# 2×2 Games/Spatial populations

In spatially structured populations the performance of an individual is determined through interactions within a limited local neighborhood rather than through interactions with randomly selected members of the population as in the case of well-mixed populations. In particular, for the Prisoner's Dilemma it is well-known that including spatial extensions enables cooperators to thrive by forming clusters and thereby reducing exploitation through defectors. Whereas in well-mixed populations cooperators invariably dwindle and disappear. Quite naturally, the inclusion of spatial dimensions (or any type of population structure) can have pronounced effects on the evolutionary dynamics of other \(2\times2\) games, too.

This interactive tutorial encourages the exploration of the rich and fascinating dynamics of such simple models. In addition there are several sample scenarios described in more detail which emphasize the most important findings of this line of research.

For symmetrical initial configurations on regular lattices with deterministic update rules - such as imitating the strategy of the best performing neighbour - the initial symmetry is preserved and the lattice resembles a dynamically changing persian carpet or an evolutionary kaleidoscope.

## Dynamical regimes

A simple analysis of \(2\times2\) games in well-mixed populations (or in the mean-field approximation) reveals four regimes with different dynamics. The spatial extension or more generally the population structure leads to several important modifications but essentially the four dynamical domains still exist.
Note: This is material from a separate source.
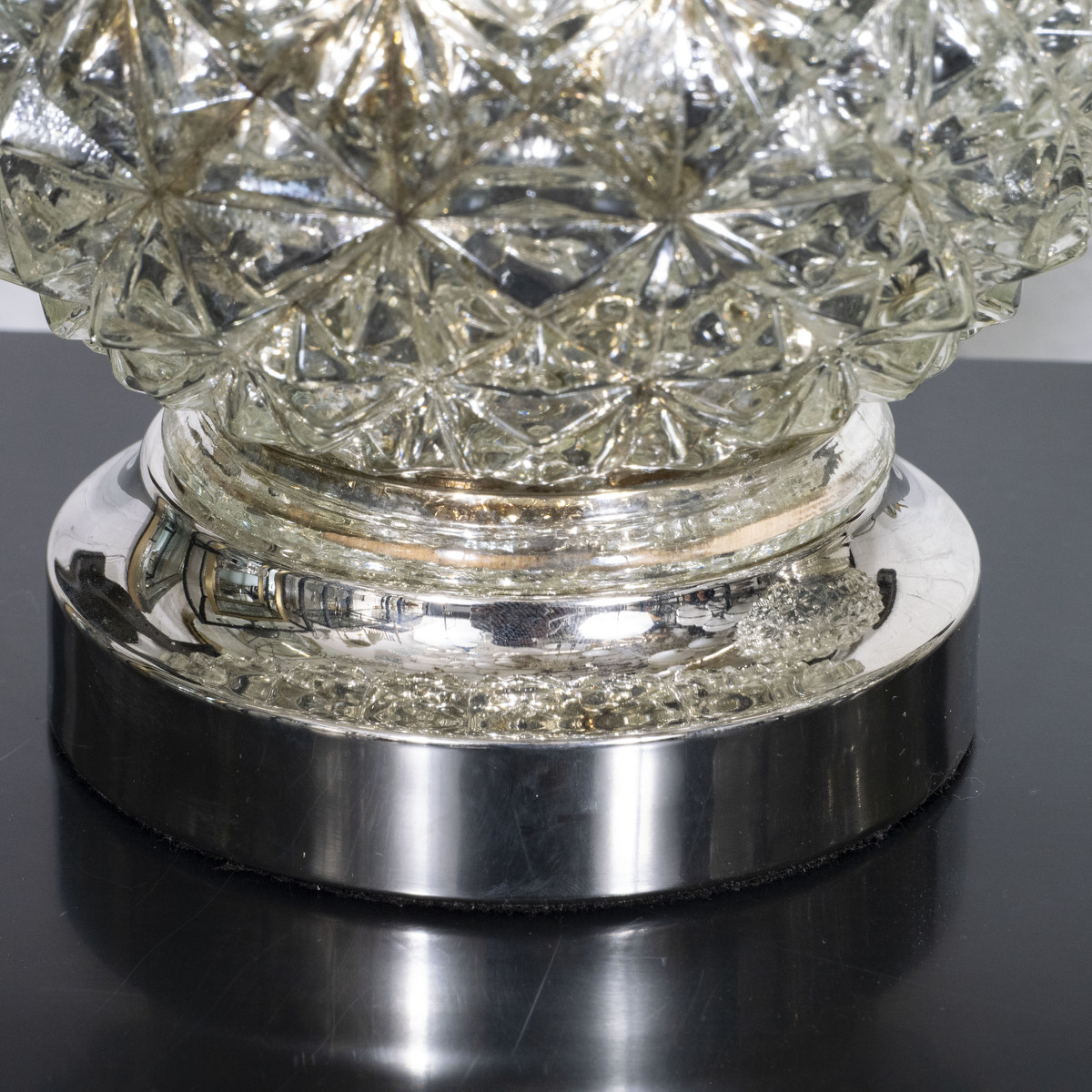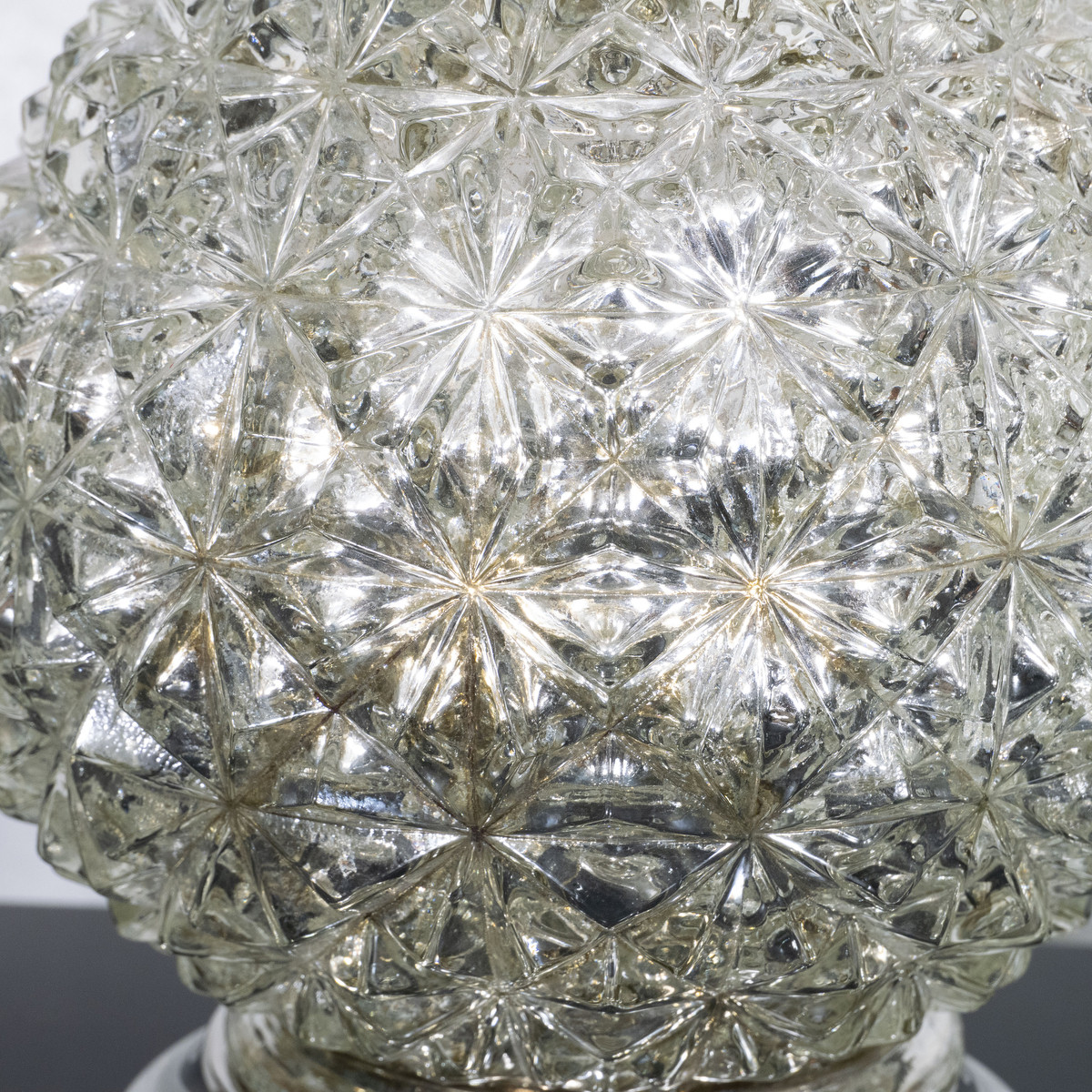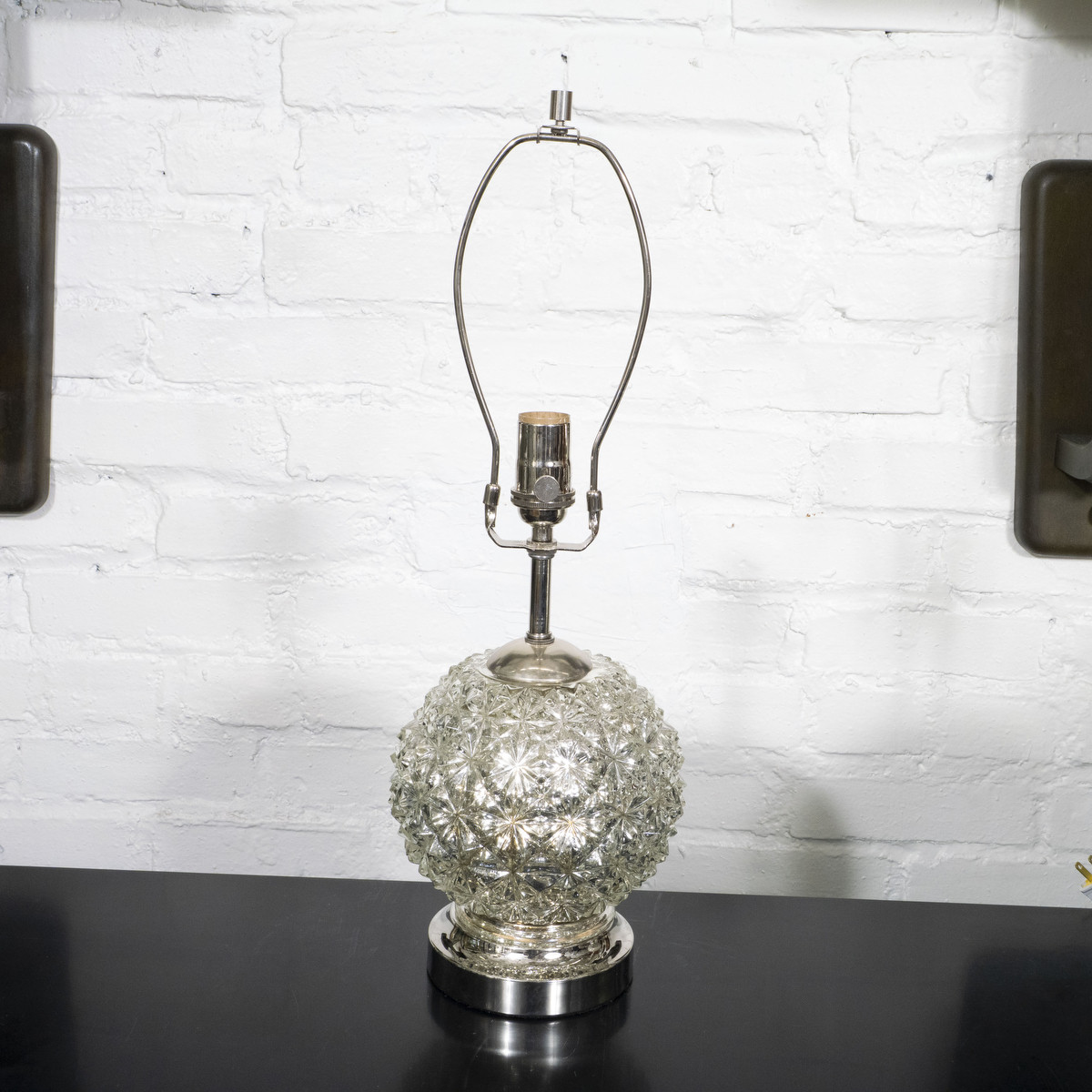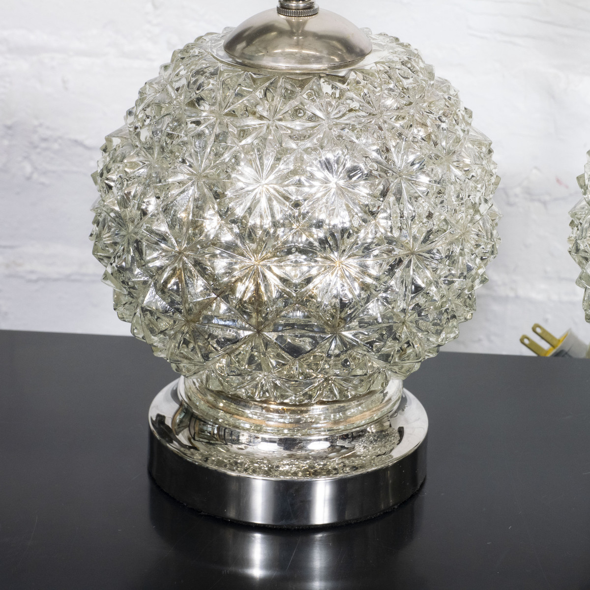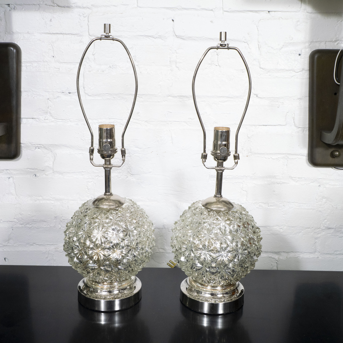 Pair of diamond patterned spherical mercury glass lamps

Color code: | Cooperators | Defectors |
---|---|---|

New cooperator | New defector |

#### Type A dominates

For \(T<1\) and \(S>0\) a well-mixed population eventually relaxes into a homogenous state of cooperators regardless of the initial configuration. In spatially extended systems this is generally equally true. However, for small \(S\) it becomes increasingly unlikely that an isolated type \(A\) individual is able to expand - obviously this depends on the individuals' update rule. When sparse, small clusters of \(A\)'s can act as seeds for their future success.

#### Type B dominates

For \(T>1\) and \(S<0\) type \(A\) individuals go extinct and \(B\)'s reign in well-mixed populations. This is generally equally true in spatially extended systems. However, some exceptions apply for small \(T\) and large \(S\).

This scenario is particularly important because it includes the prisoner's dilemma, where \(A\) denotes cooperation and \(B\) defection. With a deterministic update rule for the individuals, clusters of cooperators can survive roughly as long as \(T<S+5/3\) holds. Adding noise to either the update rule of the players or the population tends to further decrease this area. Outside this small parameter region the system quickly relaxes into homogenous states with all defectors (for further details see the tutorial on Cooperation in structured populations).

#### Coexistence

In well-mixed populations co-existence requires that \(T>1\) and \(S>0\). The equilibrium frequency of cooperators is given by \(x_3=S/(S+T-1)\) with \(R=1, P=0\). In spatially extended systems almost independently of the initial configuration \(A\) and \(B\) types coexist in equilibrium but interestingly, generally spatial extensions tends to favour \(B\)'s.

The most prominent representative of this category is the Snowdrift Game, Hawk-Dove or Chicken game (all are mathematically equivalent and require additionally that \(S<1\)). Recently, the Snowdrift Game attracted increasing attention as a biologically viable alternative to the Prisoner's Dilemma for modeling cooperative interactions. Most importantly, the detrimental effects of space on the equilibrium levels of cooperation in the Snowdrift game have cautioned against the general believe that spatial structure is necessarily beneficial for cooperation (for further details see the tutorial on Cooperation in structured populations).

#### Bistability

Well-mixed populations with \(T<1\) and \(S<0\) are bi-stable, i.e. depending on the initial configuration the system approaches either a homogenous state of \(A\) or \(B\). In this parameter range spatial extension has the most pronounced effect on the long term fate of either strategy. The parameter values \(S, T\) determine the stability i.e. average lifetime of certain local configurations. The probability for their creation at initialization time sensitively depends on the initial fraction of cooperators.